I would be interested in obtaining the chunks that you gathered and stitch them to what I gathered.

WhatCD@lemmy.world · edit-2 19 hours ago

~~Yeah :/ I haven’t been able pull anything in a while now.~~ I was just able to pull 6 chunks, the data is still out there!

WhatCD@lemmy.world · 1 day ago

how big is the partial that you managed to get?

WhatCD@lemmy.world · edit-2 15 hours ago

I’m working on a different method of obtaining a complete dataset zip for dataset 9. For those who are unaware, for a time yesterday there was an official zip available from the DOJ. To my knowledge no one was able to fully grab it. But I believe the 49Gb zip is a partial of that before downloads got cut. It’s my thought that this original zip likely contained incriminating information and it’s why it got halted.

What I’ve observed is that Akamai still serves that zip sporadically in small chunks. It’s really strange and I’m not sure why it does, but I have verified with strings that there are pdf file names in the zip data. I’ve been able to use a script to pull small chunks from the CDN across the entire span of the file’s byte range.

Using the 49GB file as a starting point I’m working on piecing the file together, however progress is extremely extremely slow. If there is anyone willing to team up on this and combine the chunks please let me know.

How to grab the chunked data:

Script link: https://pastebin.com/sjMBCnzm

For the script will probably have to:

pip install rich

Grab DATASET 9, INCOMPLETE AT ~48GB:

 magnet:?xt=urn:btih:0a3d4b84a77bd982c9c2761f40944402b94f9c64&tr=udp%3A%2F%2Ftracker.opentrackr.org%3A1337%2Fannounce

Then name the downloaded file 0-(the last byte the file spans).bin

So for example the 48 GB file it would be: 0-48995762175.bin

Next to the python script make a directory called: DataSet 9.zip.chunks

Move the renamed first byte range 48 GB file in to that directory.

Make a new file next to the script called cookies.txt

Install the cookie editor browser extension (https://cookie-editor.com/)

With the browser extension open go to: https://www.justice.gov/age-verify?destination=%2Fepstein%2Ffiles%2FDataSet+9.zip

The download should start in your browser, cancel it.

Export the cookies in Netscape Format. They will copy to your clipboard.

Paste those in your cookies.txt, save and close it.

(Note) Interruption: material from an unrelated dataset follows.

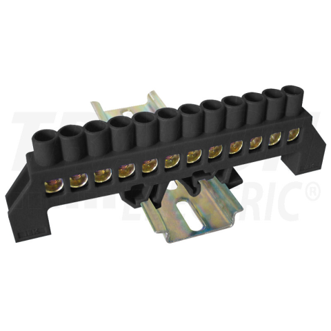 1 kép TRACON Szigetelt földelősín (N/PE), fekete 230/400VAC, 100A, 8×12mm, 12P, IP20

You can run the script like so:

python3 script.py \
  'https://www.justice.gov/epstein/files/DataSet%209.zip' \
  -o 'DataSet 9.zip' \
  --cookies cookies.txt --retries 3 \
  --backoff 5.0 \
  --referer 'https://www.justice.gov/age-verify?destination=%2Fepstein%2Ffiles%2FDataSet+9.zip' \
  -t auto -c auto

Script Options:

-t - The number of concurrent threads to use which results in trying that many byte ranges at the same time. Setting this to auto will auto calculate based on your CPU but will cap at 8 to be safe and avoid getting banned by Akamai.
-c - The chunk size to request from the server in MB. This is not always respected by the server and you may get a smaller or larger chunk, but the script should handle that. Setting this to auto scales with the file size, though feel free to try different sizes.
--backoff - The backoff factor between failures, helps prevent Akimai throttling your requests.
--retries - The number of times to retry a byte range for that iteration before moving on to the next byte range. If it moves on it will come back to it again on the next loop.
--cookies - The path to the file containing your Netscape formatted cookies.
-o - The final file name. The chunks directory is derived from this so make sure it matches the name of the chunk directory that you primed with the torrent chunk.
--referer - Just leave this for Akimai, set the referer http header.

There are more options if you tun the script with the --help option.

If you start to receive HTML and or HTTP/200 responses then you need to refresh your cookie.

If you start to receive HTTP/400 responses then you need to refresh your cookie in a different browser, Akamai is very fussy.

A VPN and multiple browser might be useful to change your cookie and location combo.

Edit

I tested the script on Dataset 8 and it was able to stitch a valid zip together so assuming we’re getting valid data with Dataset 9 it should work.